Super League of Malawi
- Season: 1986
- Champions: Bata Bullets

= 1986 Super League of Malawi =

The 1986 Super League of Malawi was the first season of Super League of Malawi, the top professional league for association football clubs in Malawi.

==Overview==
Top five clubs from Blantyre and Districts Football League (BDFL) and top three from Lilongwe and Districts Football League (LDFL) were invited to participate in the inaugural national league championship.
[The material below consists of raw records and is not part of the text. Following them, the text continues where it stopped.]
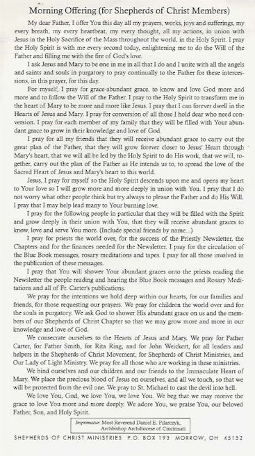 These apostles are to pray for the intentions I am giving you. For part of the hour they are to use the prayers of the Shepherds of Christ Associates Handbook. They may spend the rest of the hour as they so choose.
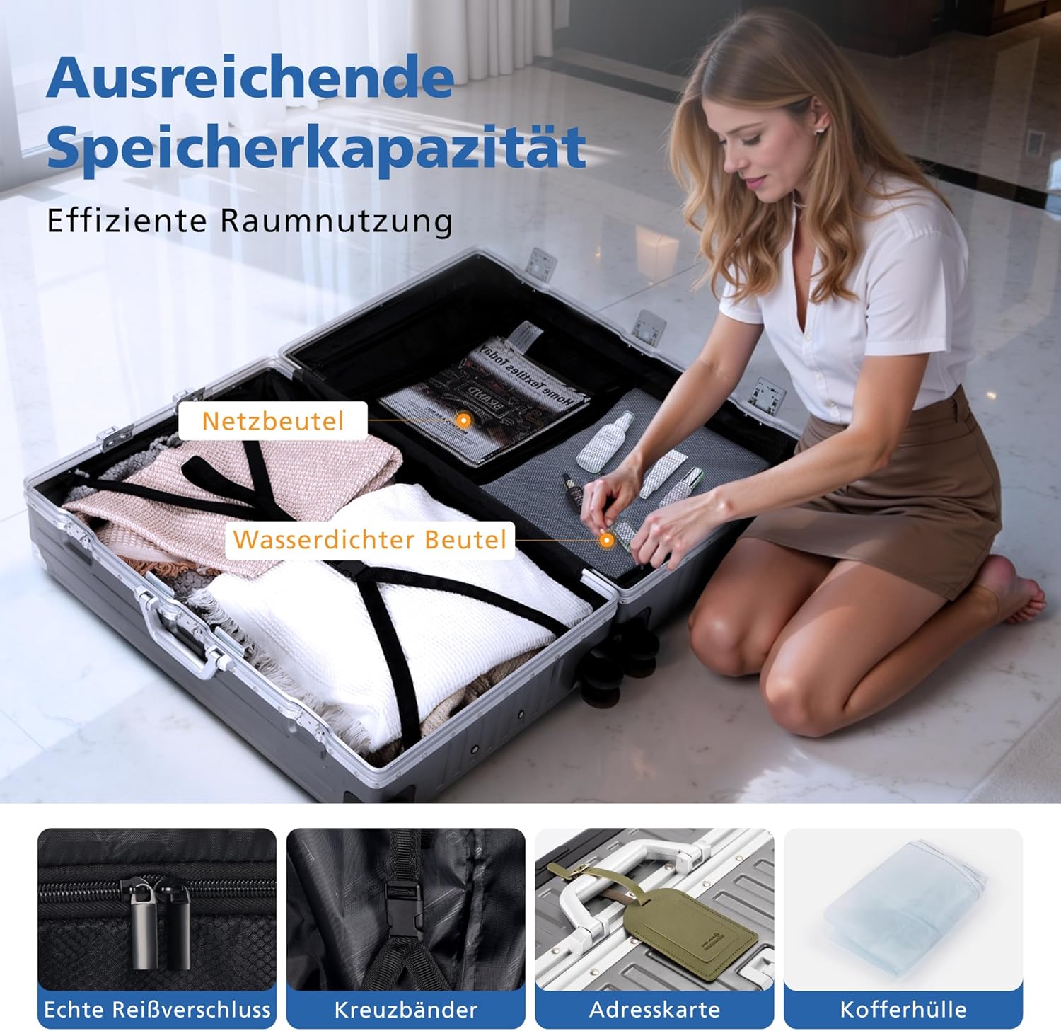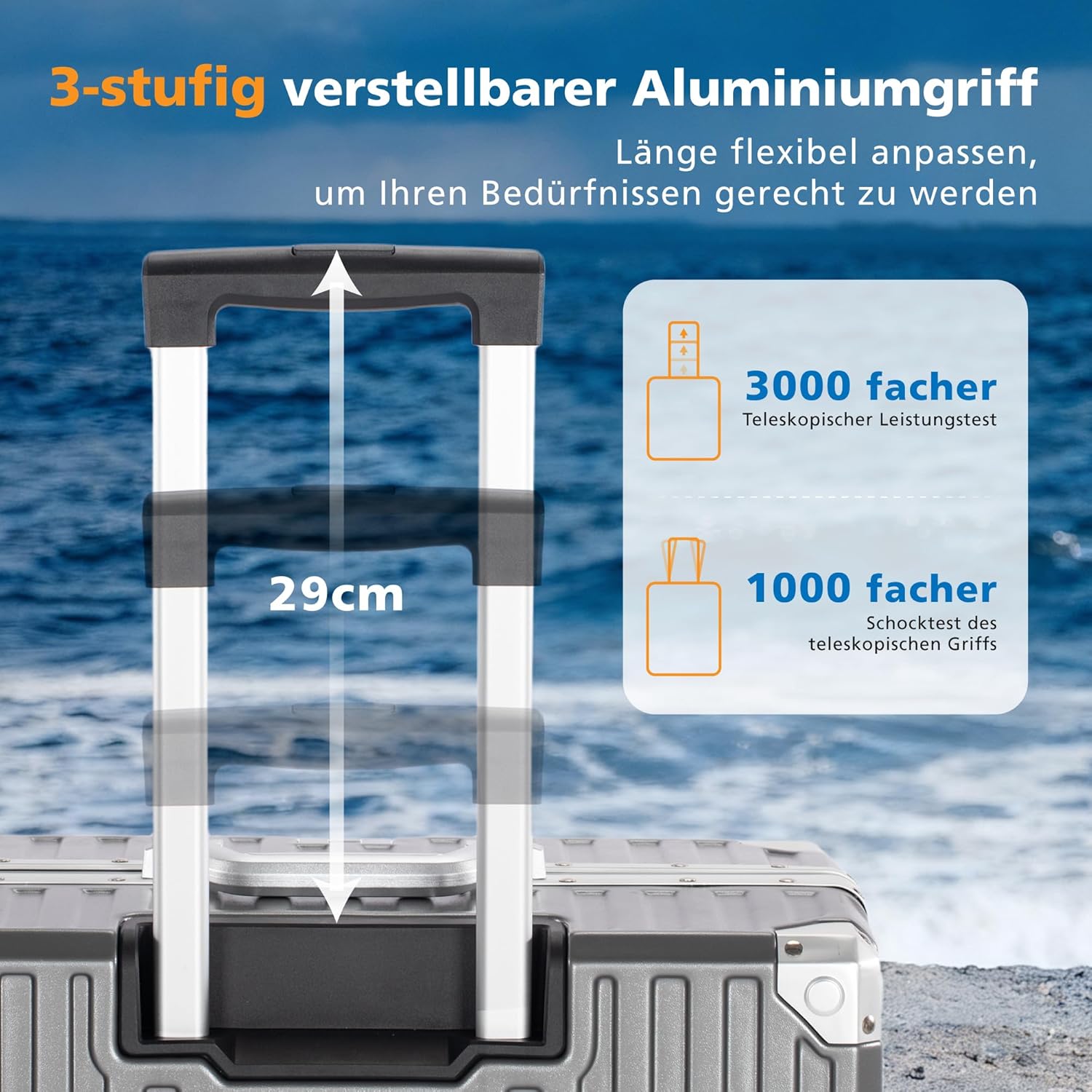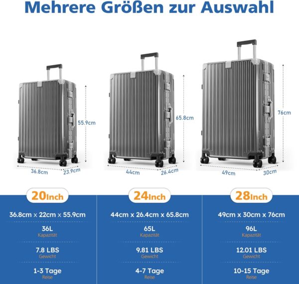 Vielseitige Reisegrößen: Der Alphasac aluminium koffer ist in drei praktischen Größen erhältlich. Die 20 Zoll Variante ist ideal für Kurztrips, während die 24 Zoll für eine einwöchige Reise bestens geeignet ist. Die 28 Zoll Version ist perfekt für längere Reisen. Die meisten Airlines erlauben diesen handgepäck trolley, sodass Ihre Reise entspannt und unkompliziert verläuft
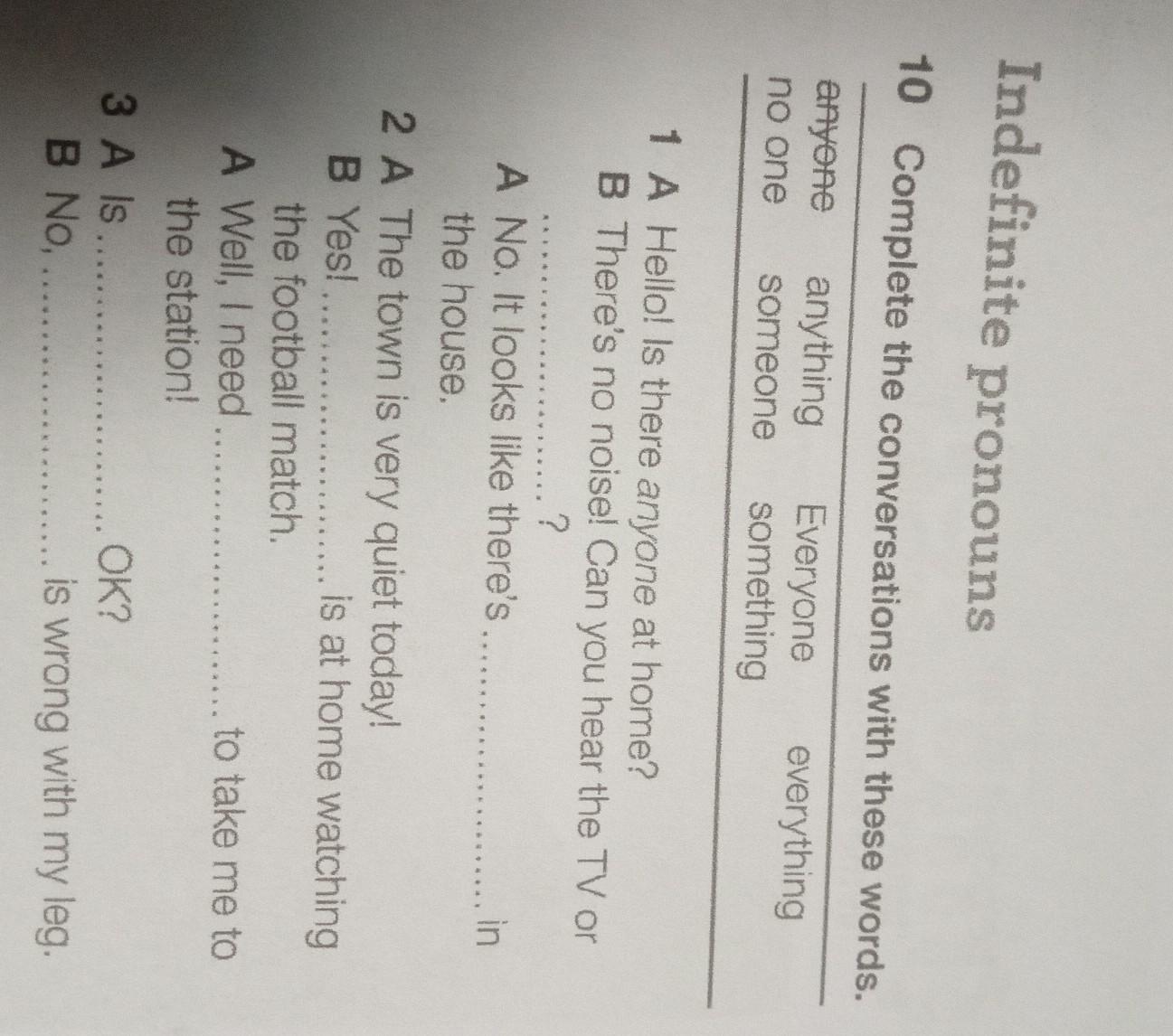 Indefinite pronouns 10 Complete the conversations with these words. everything anyone anything Everyone someone something no one 1 A Hello! Is there anyone at home? B There's no noise! Can you hear the TV or ? ..... in A No. It looks like there's.. the house. 2 A The town is very quiet today! B Yes! ........... the football match. A Well, I need .......... the station! 3 A Is....... .... is at home watching B No, ........ ... OK? ...... to take me to is wrong with my leg.

Two clubs from Blantyre, Limbe Leaf Wanderers and Hardware Stars indicated they would not participate, but LLW changed its decision, while ADMARC Tigers replaced Hardware Stars. The other three teams in Blantyre were the Red Lions, Bata Bullets and Berec Power Pack who, through a new sponsorship agreement, changed to MDC United. The Lilongwe clubs were MITCO FC, Civo United and Silver Strikers.

The home and away format was played on three rounds with Gillette Nacet as the first sponsor.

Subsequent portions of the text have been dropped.